=== Source data ===

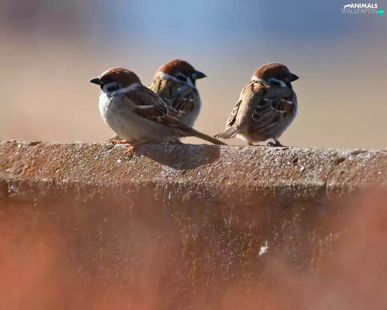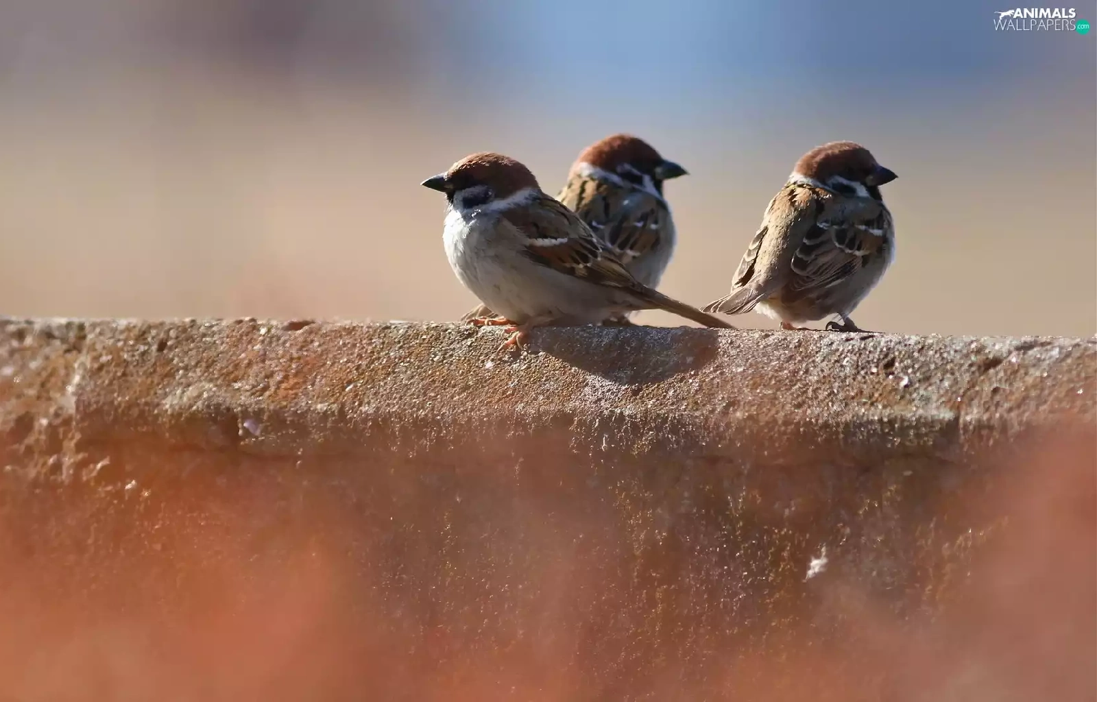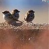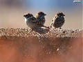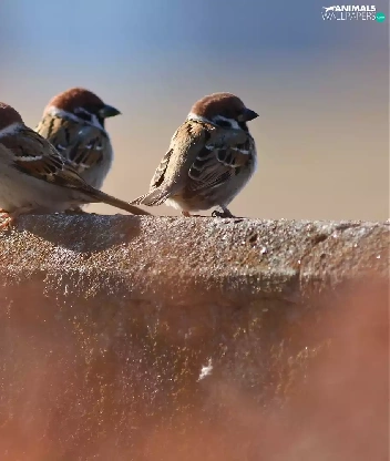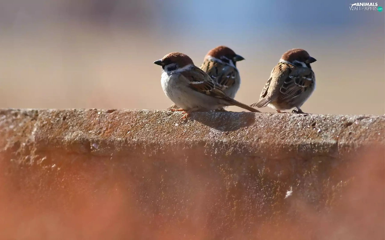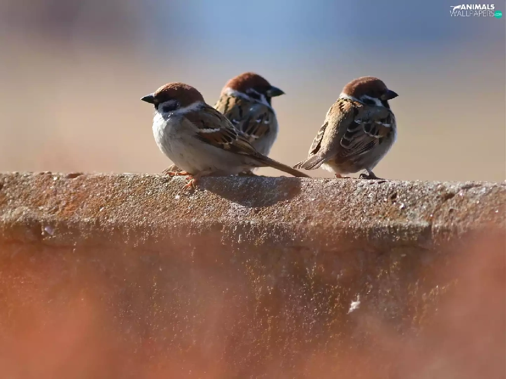 ledge, Three, sparrows
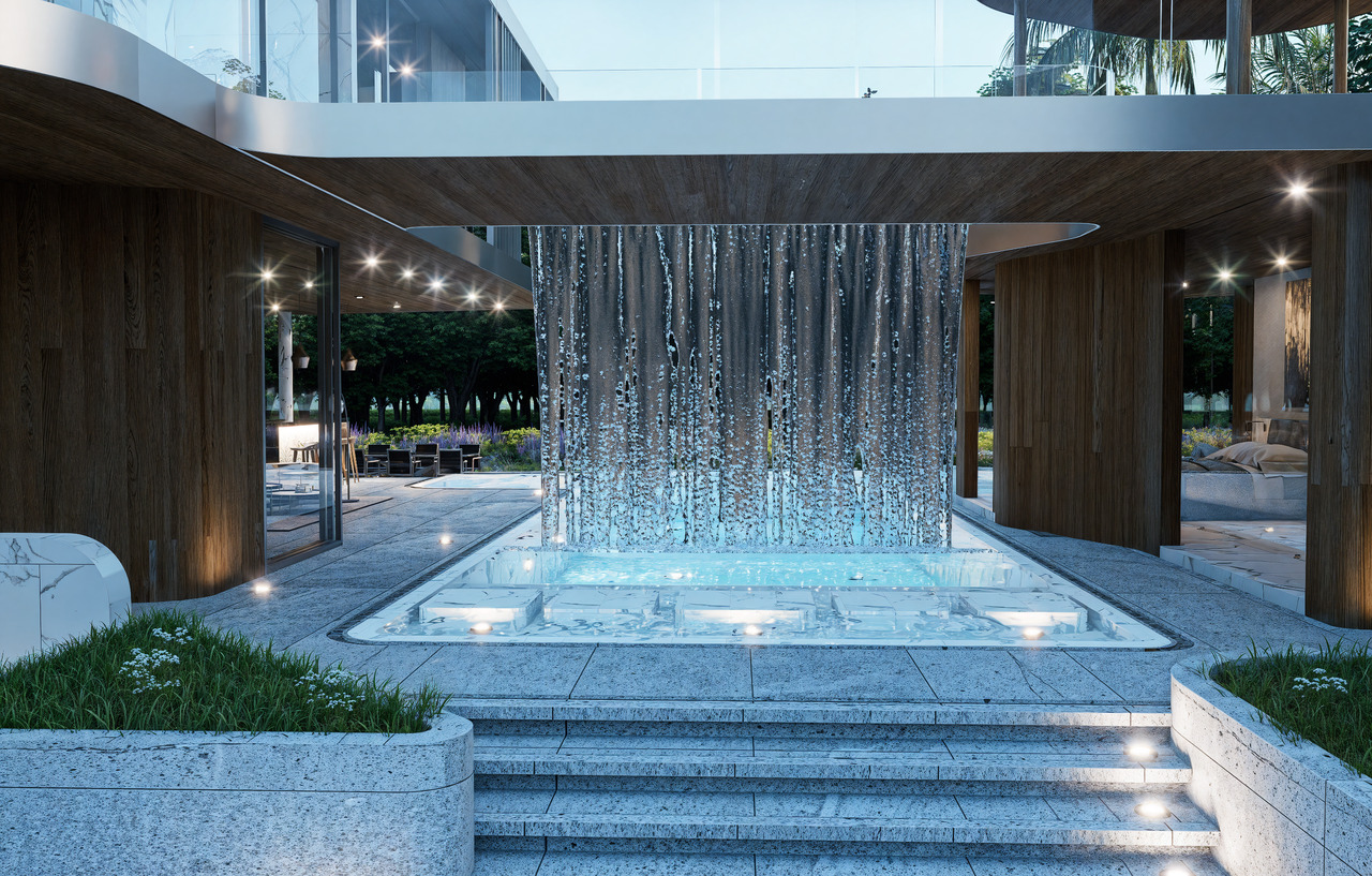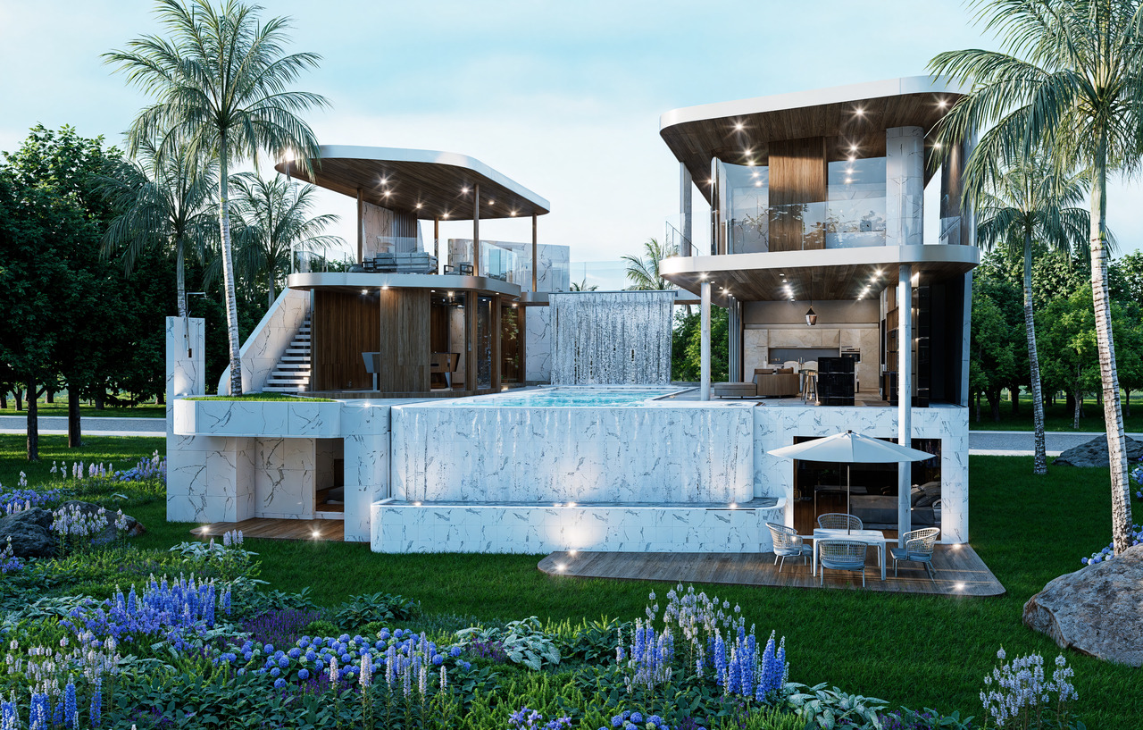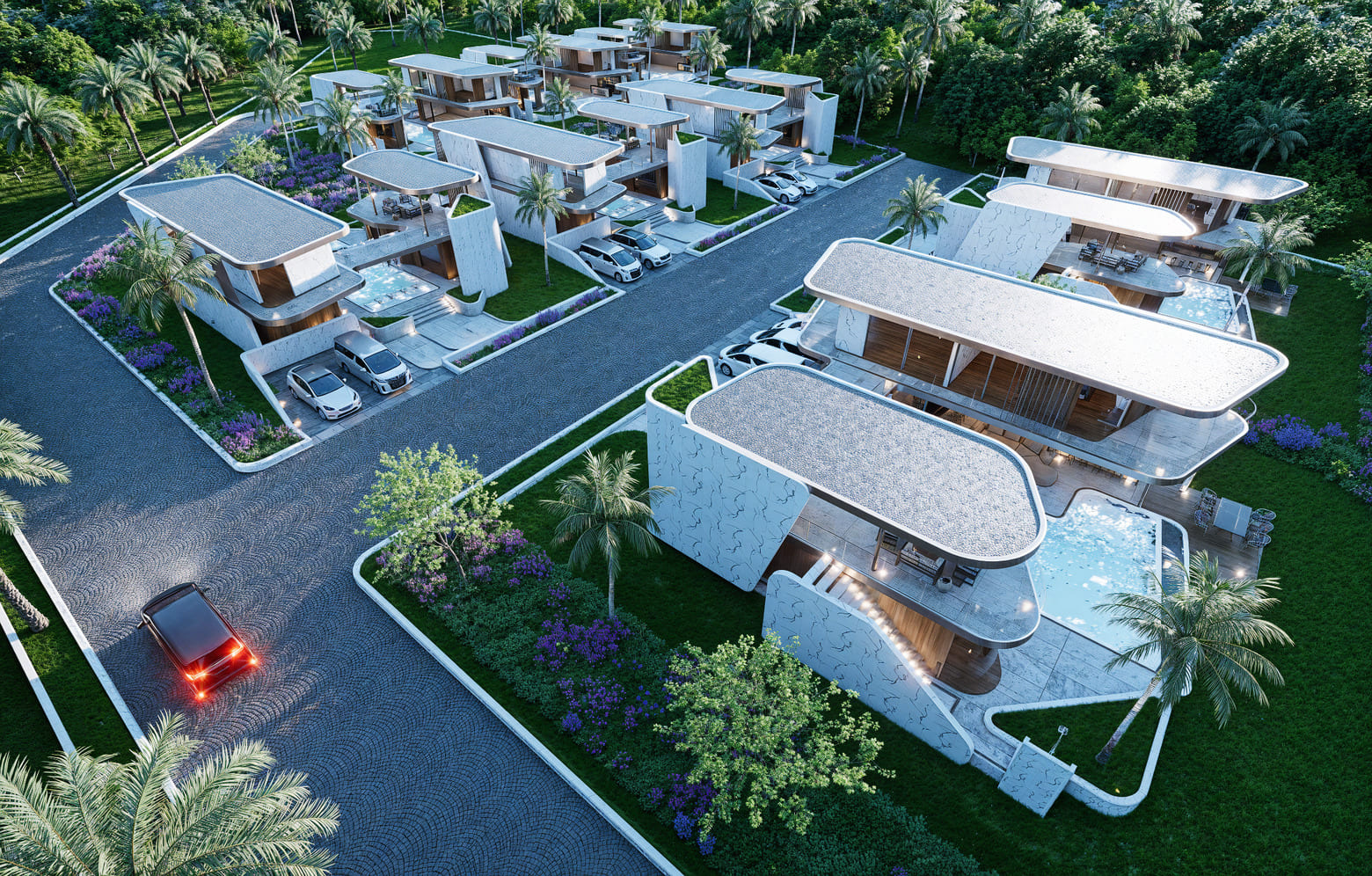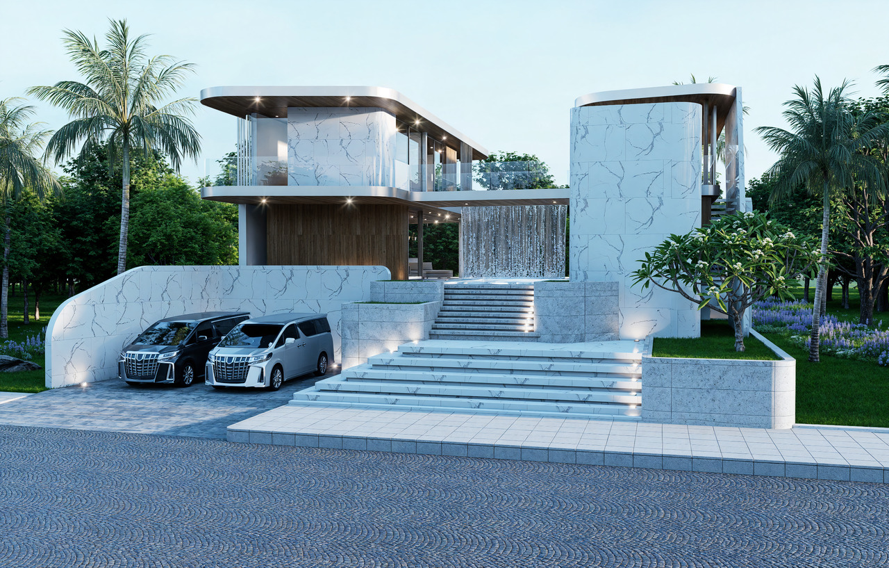 The exterior design features natural stone, marble, and concrete finishes combined with lush tropical landscaping. A private 4×15-meter swimming pool, waterfall fountain, and multiple terraces ensure both privacy and style. With layouts ranging from 449 sqm to over 616 sqm, the villas provide ample living space and parking for 2 to 3 cars.
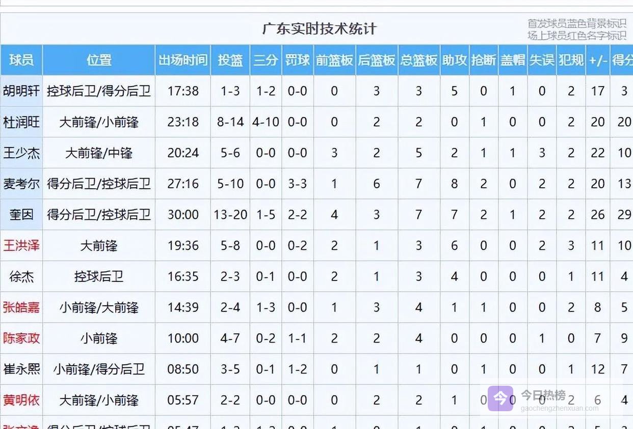 更令人惊喜的是角色球员和年轻小将的集体爆发。 王少杰在内线攻防两端都有建树,得到10分和5个篮板。 小将王洪泽则展现了全面的身手,拿下10分并送出了全队第二高的6次助攻。 就连复出不久的崔永熙也在有限的8分钟出场时间里贡献了7分。 广东队本场12名出场球员全部有得分进账,末节更是以全华班阵容打完,这种“富裕仗”在本赛季的广东队身上实属罕见。
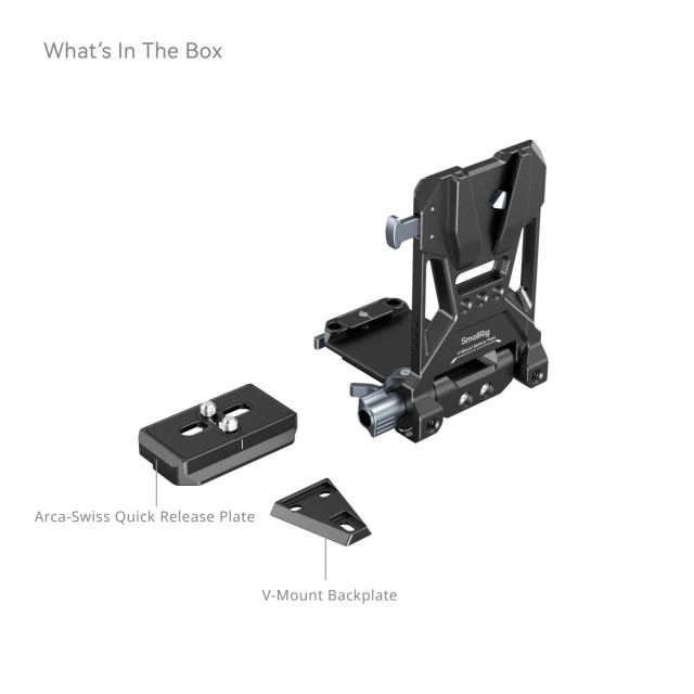 La placa de montaje de batería V-Mount 4505B de SmallRig es una solución todo en uno compacta, ligera y cómoda para fijar baterías V-mount. La placa base se puede extender para adaptarse a cámaras sin espejo y DSLR de diferentes tamaños. La instalación y el ajuste sin herramientas hacen que este proceso sea rápido y no requiera mucho tiempo. La placa de montaje Arca integrada es compatible con todas las jaulas SmallRig con placa Arca-Swiss. Los orificios roscados integrados de 1/4"-20 ofrecen más opciones de alimentación mediante la conexión de una abrazadera de montaje para baterías externas portátiles BUB2336. Los orificios integrados de 1/4"-20 y 3/8"-16 en la parte inferior permiten fijar otras placas de fijación rápida. El diseño giratorio facilita el uso de la pantalla y está equipado con un amortiguador que evita que el dispositivo se caiga. El diseño plegable de la placa V-Mount aumenta la compacidad y la portabilidad. La placa trasera V-Mount de aleación de aluminio incluida puede sustituir a la placa V-Mount de plástico situada en la parte trasera de otras baterías V-mount.
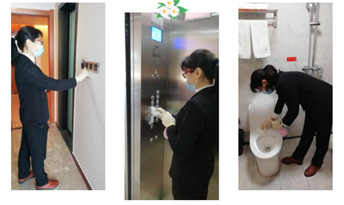 客人到达酒店后,无论入住与否都要进行体温测量,并进行消毒。每天酒店都会对酒店公共区域及客房的门把手、房卡、电话机等被频繁接触的地方进行消毒。
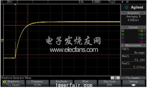 波形發(fā)生器的上升時間把可測得的最小電感值限定為10uH,其上限取決于電感的DCR。DCR過高時,示波器無法自動測量下降時間。在這種情況下需要手動測量下降時間。

===

▶ _Problem_:
Begin with the first line of the entries above and write out each line exactly, ending with the line containing "客人到达酒店后,无论入住与否". Leave out pictures.

▶ _Problem solution_:
 ledge, Three, sparrows
 The exterior design features natural stone, marble, and concrete finishes combined with lush tropical landscaping. A private 4×15-meter swimming pool, waterfall fountain, and multiple terraces ensure both privacy and style. With layouts ranging from 449 sqm to over 616 sqm, the villas provide ample living space and parking for 2 to 3 cars.
 更令人惊喜的是角色球员和年轻小将的集体爆发。 王少杰在内线攻防两端都有建树,得到10分和5个篮板。 小将王洪泽则展现了全面的身手,拿下10分并送出了全队第二高的6次助攻。 就连复出不久的崔永熙也在有限的8分钟出场时间里贡献了7分。 广东队本场12名出场球员全部有得分进账,末节更是以全华班阵容打完,这种“富裕仗”在本赛季的广东队身上实属罕见。
 La placa de montaje de batería V-Mount 4505B de SmallRig es una solución todo en uno compacta, ligera y cómoda para fijar baterías V-mount. La placa base se puede extender para adaptarse a cámaras sin espejo y DSLR de diferentes tamaños. La instalación y el ajuste sin herramientas hacen que este proceso sea rápido y no requiera mucho tiempo. La placa de montaje Arca integrada es compatible con todas las jaulas SmallRig con placa Arca-Swiss. Los orificios roscados integrados de 1/4"-20 ofrecen más opciones de alimentación mediante la conexión de una abrazadera de montaje para baterías externas portátiles BUB2336. Los orificios integrados de 1/4"-20 y 3/8"-16 en la parte inferior permiten fijar otras placas de fijación rápida. El diseño giratorio facilita el uso de la pantalla y está equipado con un amortiguador que evita que el dispositivo se caiga. El diseño plegable de la placa V-Mount aumenta la compacidad y la portabilidad. La placa trasera V-Mount de aleación de aluminio incluida puede sustituir a la placa V-Mount de plástico situada en la parte trasera de otras baterías V-mount.
 客人到达酒店后,无论入住与否都要进行体温测量,并进行消毒。每天酒店都会对酒店公共区域及客房的门把手、房卡、电话机等被频繁接触的地方进行消毒。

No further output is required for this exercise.